Me quedé mirando el rastro de tu presencia, la huella que dejaron ellos en la tierra y me senté afuera a esperarte. Alcancé a ilusionarme con que no ibas a volver, pensé que tal vez el miedo a las garras te alejaría, que los abandonarías y que ya no sería mi responsabilidad. Pero no fue así. Tu regreso fue un golpe en mi vientre. Se veía en ti la alegría del reencuentro, las ansias de volver a arroparlos con tu cuerpo. Te posaste primero en la barandilla escudriñando el aire en busca del peligro que ya se había ido. Caminabas vibrante sin ninguna sospecha a esa cama que ahora estaba desierta. Sentí tu sorpresa, tu incomprensión. Rodeabas el sitio con esa intranquilidad en el caminar olfateando el viento, ese rastro cálido que no se había ido con ellos. Volaste un poco lejos para ver desde otra perspectiva. Percibía tus pensamientos, tu duda, tu angustia. Era como si dijeras: ¿será que me equivoque? Lo recuerdo, era aquí, todavía los siento. Te acercaste de nuevo al hundido de tierra ya frío para sentarte sobre las plumas que habías dejado la última vez. Pero faltaba algo. Se alzó tu vuelo al vacío.

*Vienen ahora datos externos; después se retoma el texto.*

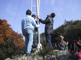 | 設置場所も近くの山を含め検討しましたが、許可の事などからテイクオフ裏の山頂にしました。 |

Con la resignación marcada en tu cara ensombrecida planeaste hacia él, a la terraza vecina. No se cómo

se lo comunicaste, quizá con palabras mudas, o con esa vibración leve de tus conversaciones, tal vez con las caricias que le hacías. Al comprender, la desolación se alojó también en él. Apoyaste tu cuello en su cuerpo y te abrazó, en ese abrazo de pájaros, de alas enlazadas y cabezas ladeadas.